[[ Supplied information open ]]

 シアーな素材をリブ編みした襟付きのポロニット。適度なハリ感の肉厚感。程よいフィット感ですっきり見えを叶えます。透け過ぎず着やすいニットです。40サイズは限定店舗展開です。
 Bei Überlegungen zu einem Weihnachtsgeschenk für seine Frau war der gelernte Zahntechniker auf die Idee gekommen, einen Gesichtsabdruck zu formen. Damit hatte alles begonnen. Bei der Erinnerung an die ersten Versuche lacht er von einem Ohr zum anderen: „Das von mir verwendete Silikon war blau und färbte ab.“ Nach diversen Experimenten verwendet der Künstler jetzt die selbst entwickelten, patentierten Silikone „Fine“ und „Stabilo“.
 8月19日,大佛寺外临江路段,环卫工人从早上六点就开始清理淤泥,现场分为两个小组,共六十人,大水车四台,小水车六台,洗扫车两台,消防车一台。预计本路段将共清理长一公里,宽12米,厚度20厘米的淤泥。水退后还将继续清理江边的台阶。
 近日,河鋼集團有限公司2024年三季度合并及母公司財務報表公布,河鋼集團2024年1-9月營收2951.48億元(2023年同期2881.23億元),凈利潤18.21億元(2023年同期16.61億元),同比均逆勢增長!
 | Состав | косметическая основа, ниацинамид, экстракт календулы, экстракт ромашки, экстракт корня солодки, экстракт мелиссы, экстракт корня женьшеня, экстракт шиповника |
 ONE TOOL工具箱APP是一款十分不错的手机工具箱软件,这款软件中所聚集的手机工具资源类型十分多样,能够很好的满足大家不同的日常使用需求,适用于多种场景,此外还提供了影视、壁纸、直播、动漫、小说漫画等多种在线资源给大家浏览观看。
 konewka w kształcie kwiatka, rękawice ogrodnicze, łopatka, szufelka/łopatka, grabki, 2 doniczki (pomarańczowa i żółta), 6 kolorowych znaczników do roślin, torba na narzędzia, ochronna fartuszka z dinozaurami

[[ Supplied information closed ]]

What to do:
The answer should contain every line of the data, unchanged.

Solved problem:
 シアーな素材をリブ編みした襟付きのポロニット。適度なハリ感の肉厚感。程よいフィット感ですっきり見えを叶えます。透け過ぎず着やすいニットです。40サイズは限定店舗展開です。
 Bei Überlegungen zu einem Weihnachtsgeschenk für seine Frau war der gelernte Zahntechniker auf die Idee gekommen, einen Gesichtsabdruck zu formen. Damit hatte alles begonnen. Bei der Erinnerung an die ersten Versuche lacht er von einem Ohr zum anderen: „Das von mir verwendete Silikon war blau und färbte ab.“ Nach diversen Experimenten verwendet der Künstler jetzt die selbst entwickelten, patentierten Silikone „Fine“ und „Stabilo“.
 8月19日,大佛寺外临江路段,环卫工人从早上六点就开始清理淤泥,现场分为两个小组,共六十人,大水车四台,小水车六台,洗扫车两台,消防车一台。预计本路段将共清理长一公里,宽12米,厚度20厘米的淤泥。水退后还将继续清理江边的台阶。
 近日,河鋼集團有限公司2024年三季度合并及母公司財務報表公布,河鋼集團2024年1-9月營收2951.48億元(2023年同期2881.23億元),凈利潤18.21億元(2023年同期16.61億元),同比均逆勢增長!
 | Состав | косметическая основа, ниацинамид, экстракт календулы, экстракт ромашки, экстракт корня солодки, экстракт мелиссы, экстракт корня женьшеня, экстракт шиповника |
 ONE TOOL工具箱APP是一款十分不错的手机工具箱软件,这款软件中所聚集的手机工具资源类型十分多样,能够很好的满足大家不同的日常使用需求,适用于多种场景,此外还提供了影视、壁纸、直播、动漫、小说漫画等多种在线资源给大家浏览观看。
 konewka w kształcie kwiatka, rękawice ogrodnicze, łopatka, szufelka/łopatka, grabki, 2 doniczki (pomarańczowa i żółta), 6 kolorowych znaczników do roślin, torba na narzędzia, ochronna fartuszka z dinozaurami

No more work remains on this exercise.